How classification is used

Classifying text is used for a number of purposes:

  • Spam detection
  • Authorship attribution
  • Sentiment analysis
  • Age and gender identification
  • Determining the subject of a document
  • Language identification

Spamming is an unfortunate reality for most email users. If an email can be classified as spam, then it can be moved to a spam folder. A text message can be analyzed and certain attributes can be used to designate the email as spam. These attributes can include misspellings, lack of an appropriate email address for the recipients, and a non-standard URL.

Classification has been used to determine the authorship of documents. This has been performed on historical documents, such as The Federalist Papers and the book Primary Colors, where the authors were identified using classification techniques.

Sentiment analysis is a technique that determines the attitude of a piece of text. Movie reviews have been a popular domain for this kind of analysis, but it can be used for almost any product review. This helps companies better assess how their product is perceived. Often, a negative or positive attribute is assigned to the text. Sentiment analysis is also called opinion extraction/mining and subjectivity analysis. Consumer confidence and the performance of a stock market can be predicted from Twitter feeds and other sources.

Classification can be used to determine the age and gender of a text's author and to provide more insight into its author. Frequently, the number of pronouns, determiners, and noun phrases are used to identify the gender of a writer. Females tend to use more pronouns and males tend to use more determiners.

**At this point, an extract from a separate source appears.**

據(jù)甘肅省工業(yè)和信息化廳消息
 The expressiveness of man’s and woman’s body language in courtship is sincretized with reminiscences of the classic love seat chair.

Determining the subject of pieces of text is useful when we need to organize a large number of documents. Search engines are very much concerned with this activity, but it has also been used simply to place documents in different categories—for example, in tag clouds. A tag cloud is a group of words that reflects the relative frequency of the occurrence of each word.

The following diagram is an example of a tag cloud generated by IBM Word Cloud Generator (http://www.softpedia.com/get/Office-tools/Other-Office-Tools/IBM-Word-Cloud-Generator.shtml), and can be found at http://upload.wikimedia.org/wikipedia/commons/9/9e/Foundation-l_word_cloud_without_headers_and_quotes.png:

The identification of the language used by a document is supported using classification techniques. This analysis is useful for many NLP problems where we need to apply specific language models to the problem.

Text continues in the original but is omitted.